I have 2 hosts setup with proxmox 1.9, proxmox1 is set as master and proxmox2 is set as a node.
This setup has been working fine for the last 2-3 years. Yesterday the cluster stopped syncing.
After a restart it would sync for about an hour and then i start getting Connection Refused errors on the Master.
it has progressed to the point where both node and master say "nosync" on them selves
and "ERROR: 500 Can't connect to 127.0.0.1:50000 (connect: Connection refused)" on the relevant counter part.

I have to constantly restart ssh and apache2 to gain any form of access to the web gui or shell on the master,
yet on the node everything is running fine.

proxmox2:/dev# pveversion -verbose
pve-manager: 1.9-24 (pve-manager/1.9/6542)
running kernel: 2.6.35-1-pve
proxmox-ve-2.6.35: 1.8-11
pve-kernel-2.6.32-4-pve: 2.6.32-33
pve-kernel-2.6.35-1-pve: 2.6.35-11
qemu-server: 1.1-32
pve-firmware: 1.0-14
libpve-storage-perl: 1.0-19
vncterm: 0.9-2
vzctl: 3.0.29-2pve1
vzdump: 1.2-16
vzprocps: 2.0.11-2
vzquota: 3.0.11-1
pve-qemu-kvm: 0.14.1-1
ksm-control-daemon: 1.0-6

The storages i use :

2 iscsi luns and 3 NFS shares on 2 QNAP NAS/iscsi devices.

i have tried searching all over the show for a thread that can help but with no luck.
My problem is that i still have VMs on the master that i need.

Can i delete :

/etc/pve/cluster.cfg
/root/.ssh/known_hosts

on both and recreate the cluster without losing my vms ? (this seems to be the more popular solution)

Thanks
 
Ok, so i have managed to (with alot of persistence) migrate the VMs on the Master over to the node.

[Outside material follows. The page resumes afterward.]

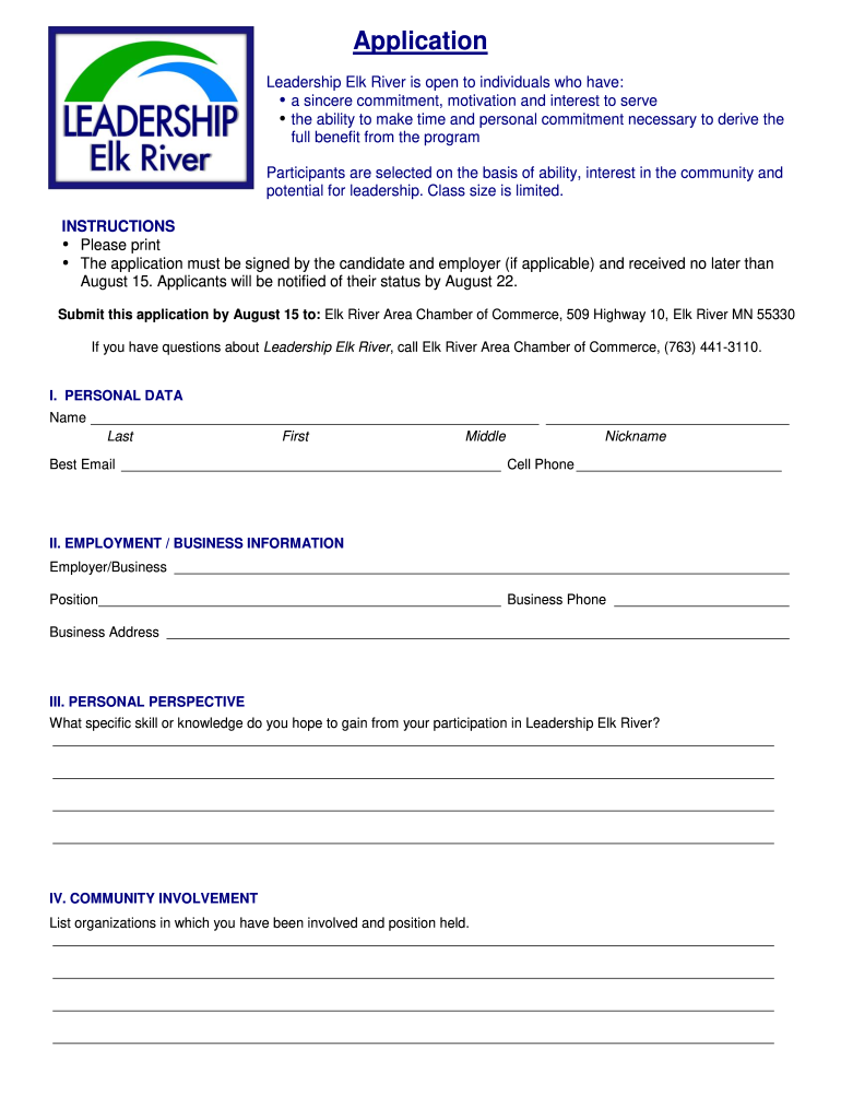 Application Leadership Elk River is open to individuals who have: a sincere commitment, motivation and interest to serve the ability to make time and personal commitment necessary to derive the full
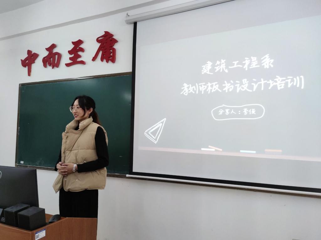 为提升我系教师的教学技能,夯实教学基本功,强化教师板书书写水平,搭建教师板书交流学习的平台,4月30日下午,李俊老师在2#1408教室开展建筑工程系教师板书设计培训,有教学任务的教师参与此次培训。

Would it be better to try and remove the the node from the cluster with pveca -d or to remove the files and redo the cluster ?

thanks,
 
I suggest you think of upgrading to latest version (currently 2.1). 1.x series is outdated.
 
Hi Tom,

Yes ideally i would like to upgrade to 2.1, my issue at the moment is space. i do know that i can use the update script without having to backup and retore all my VMs.
is there any thing i can check on the current issue aside from upgrading ?

Thanks,
 
check if all your storages are online (e.g. a ll your nfs servers)